The syspar_ctrl command configures all of the system partition-sensitive subsystems. The person who installs PSSP issues the syspar_ctrl command during installation of the control workstation. The syspar_ctrl command is executed automatically on the nodes when the nodes are installed. The syspar_ctrl command is also executed automatically when system partitions are created or destroyed. For more information on using this command, see the books PSSP: Installation and Migration Guide and PSSP: Command and Technical Reference.

The hatsctrl command provides a number of functions for controlling the operation of the Topology Services system. You can use it to:

Except for the clean function, hatsctrl affects the Topology Services subsystem in the current system partition, that is, the system partition that is specified by the SP_NAME environment variable.

The SDR stores node and data information, as well as some tunable data. The class that holds this data is called the TS_Config class. This class holds information that controls some of the operation of Topology Services. The following is a list of the attributes in this class and a brief description of each:

Frequency
Controls how often Topology Services sends a heartbeat to its neighbors. The value is interpreted as the number of seconds between heartbeats. The minimum and default value is 1. On a system with a high amount of paging activity, this number should be kept as small as possible.

Sensitivity
Controls the number of missed heartbeat messages that will cause a Death in Family message to be sent to the Group Leader. Heartbeats are not considered missing until it has been twice the interval indicated by the Frequency attribute. |The default sensitivity value is 4.

Run_FixedPri
Run the daemon with a fixed priority. Since Topology Services is a real-time application, there is a need to avoid scheduling conflicts. The number 1 indicates that the daemon is running with fixed priority, 0 indicates that it is not.

FixedPriValue
This is the actual fixed priority level that is used. The daemon will accept values greater than or equal to 10. The default is 38.

Log_Length
This is the approximate number of lines that a log file can hold before it wraps. |The default is 5,000.

Pinning
This controls the memory Pinning strategy. Text causes the daemon to attempt to pin Text pages, Data attempts to pin Data Pages, Process attempts to pin all pages, and None causes no pages to be pinned. The default is Text.

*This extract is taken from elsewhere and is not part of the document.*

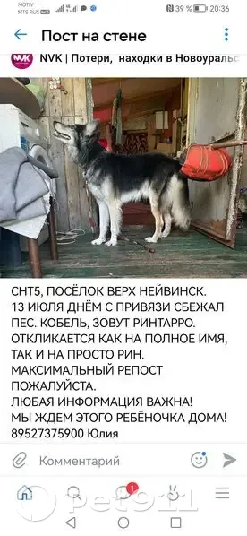 снт5, посёлок верх нейвинск. 13 июля днём с привязи сбежал пес. Кобель, зовут ринтарро. Откликается как на полное имя, так и на просто рин. Мама хаски, папа немец - больше похож на хаски.

On RS/6000 systems with heavy or unusual load characteristics, it might be necessary to adjust the Frequency and Sensitivity settings. See Operating Topology Services daemon for more information.

Adding the subsystem

If the hatsctrl command is running on the control workstation, the first step in the add function is to select a Topology Services daemon communications port number and save it in the Syspar_ports SDR class. This port number is then placed in the /etc/services file. If the hatsctrl command is running on a node, the port number is fetched from the SDR and placed in the /etc/services file. Port number are selected from the range 10000 through 10100.

The second step is to add the Topology Services daemon to the System Resource Controller (SRC) using the mkssys command. On the control workstation, the IP address of the system partition is an argument to the hats command in the SRC subsystem specification.

The third step is to add an entry in the /etc/inittab file so that the Topology Services daemon will be started during boot. However, if hatsctrl is running on a High Availability Control Workstation (HACWS), an entry is not made in the /etc/inittab file. Instead, HACWS manages the starting and stopping of the Topology Services daemon.

Note that if the hatsctrl add function terminates with an error, you can rerun the command after fixing the problem. The command takes into account any steps that already completed successfully.

Starting and stopping the subsystem

The start and stop functions of the hatsctrl command run the startsrc and stopsrc commands, respectively. However, hatsctrl automatically specifies the subsystem argument to these SRC commands.

Deleting the subsystem

The delete function of the hatsctrl command removes the subsystem from the SRC, removes the entry from /etc/inittab, and removes the Topology Services daemon communications port number from /etc/services. It does not remove anything from the SDR, because the Topology Services subsystem might still be configured on other nodes in the system partition.

Cleaning the subsystem

The clean function of the hatsctrl command performs the same function as the delete function, except in all system partitions.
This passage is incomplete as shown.